Market Update: Dow Falls 200 Points on New Sector Tariffs, Economic Concerns

The broader market was little changed on Thursday, with losses staved off by tech gains, as investors were encouraged the exemptions for chipmakers manufacturing in the United States from President Donald Trump's new semiconductor tariffs, but concerns over the health of the economy remained.

The tech-heavy Nasdaq Composite (NASDAQ: QQQ) rose nearly 0.4% to settle at 21,242.70 on Thursday, thanks to the boost from chipmakers, while the S&P 500 Index (NYSE: SPY) dipped slightly to close at 6,340.00. The Dow Jones Industrial Average (NYSE: DIA), meanwhile, dropped over 200 points to end at 43,968.64.

Trump announced late Wednesday that he will impose a 100% tariff on imported microchips from all companies except for those "building in the United States." The new duty comes as Apple (NASDAQ: AAPL) unveiled plans to invest an additional $100 billion into U.S. companies and suppliers over the next four years, building on its $500 billion announced made back in February.

The iPhone maker said the investment will also encourage companies to buy more American-made hardware under Apple's led American Manufacturing Program announced Wednesday.
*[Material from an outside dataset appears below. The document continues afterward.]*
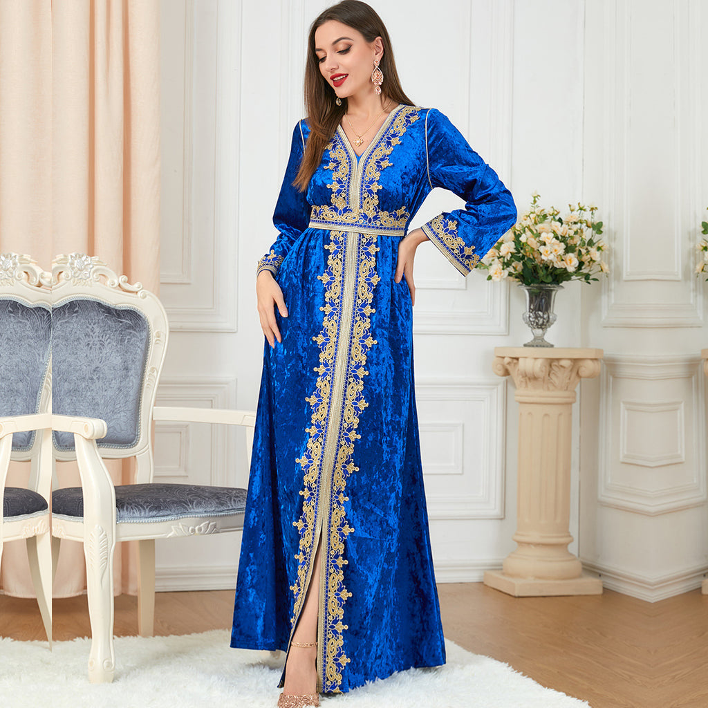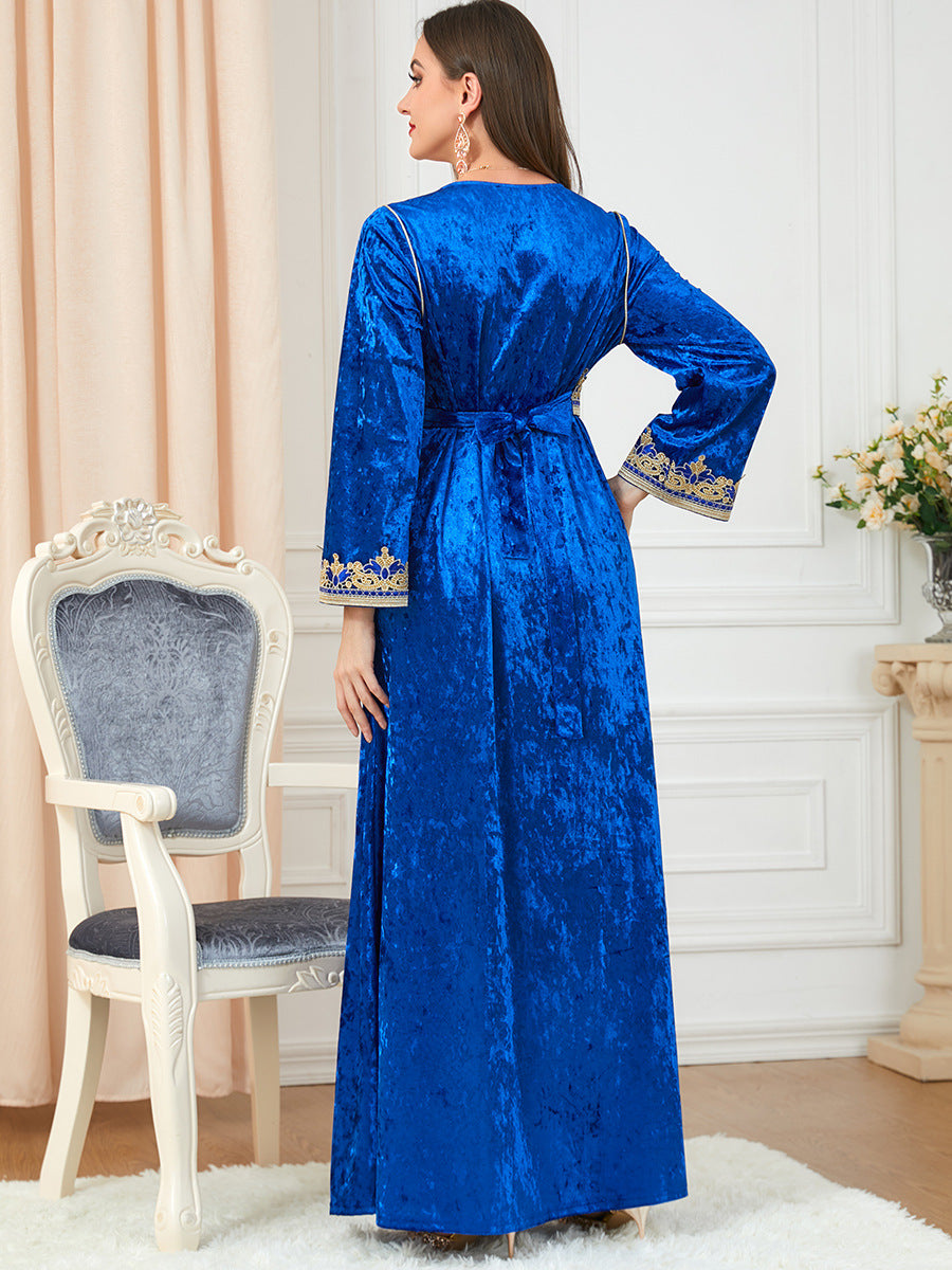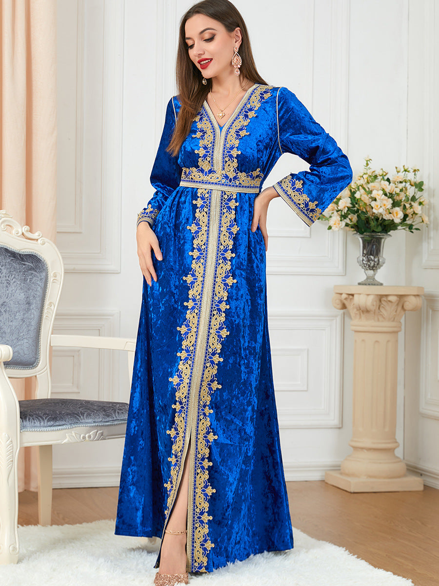 Women's Long Sleeve Velvet Maxi Gown with Gold Trim

The program includes Amkor (NASDAQ: AMKR), Applied Materials (NASDAQ: AMAT), Broadcom (NASDAQ: AVGO), Coherent (NYSE: COHR), Corning (NYSE: GLW), GlobalFoundries (NASDAQ: GFS), GlobalWafers, Samsung and Texas Instruments (NASDAQ: TXN).

"We're going to be putting a very large tariff on chips and semiconductors," Trump said at a press event held at the Oval Office on Wednesday. "But the good news for companies like Apple is if you're building in the United States or have committed to build, without question, committed to build in the United States, there will be no charge."

Other large chipmakers such as Taiwan Semiconductor (NYSE: TSM) and Nvidia (NASDAQ: NVDA) have also previously announced billion dollar investments into U.S. manufacturing.

Separately, Intel (NASDAQ: INTC) shares fell on Thursday after Trump wrote in a post on his social media platform Truth Social that CEO Lip-Bu Tan is "highly CONFLICTED and must resign, immediately" adding that "there is no other solution to this problem." Tan took the lead role at the chipmaker back in March after Pat Gelsinger stepped down following pressure from declining sales in the wake of the explosive artificial intelligence industry.

Trump's new tariff rates for dozens of countries also went into effect on Thursday, with new duties ranging from 10% to 41% -- an update that seemed to pass unnoticed on Wall Street.

Elsewhere, Eli Lilly (NYSE: LLY) shares fell on Thursday after the results from the pharmaceutical giant's study of its weight loss pill helped patients lost almost 12% of their body weight, coming in below the 15% rate expected for the oral GLP-1. The results appeared to be comparable to the weight loss seen from rival Novo Nordisk's (NYSE: NVO) GLP-1 injectable Wegovy.

"Injectables have set a high bar, but this study reinforces the potential for an oral GLP-1 to be transformative in obesity care, particularly for patients who are hesitant to start of maintain injectable therapies," said Dr. Jaime Almandoz, medical director of the Weight Wellness Program at UT Southwestern Medical Center, quoted by CNBC.

Looking ahead, Piper Sandler chief market technician Craig Johnson wrote in a Thursday note that the firm expects the second half of the year to bring even more strength to Wall Street, maintaining his year-end S&P 500 target at 6,600.

"While historically, the summer doldrums often lead to modest pullbacks in August and September, investors who have doubted this rally are now forced to 'buy the dips...and not sell the rips' to play catch-up," Johnson wrote. "Based on the weight of the bullish technical evidence, we suspect our price objective will be achieved by mid-October."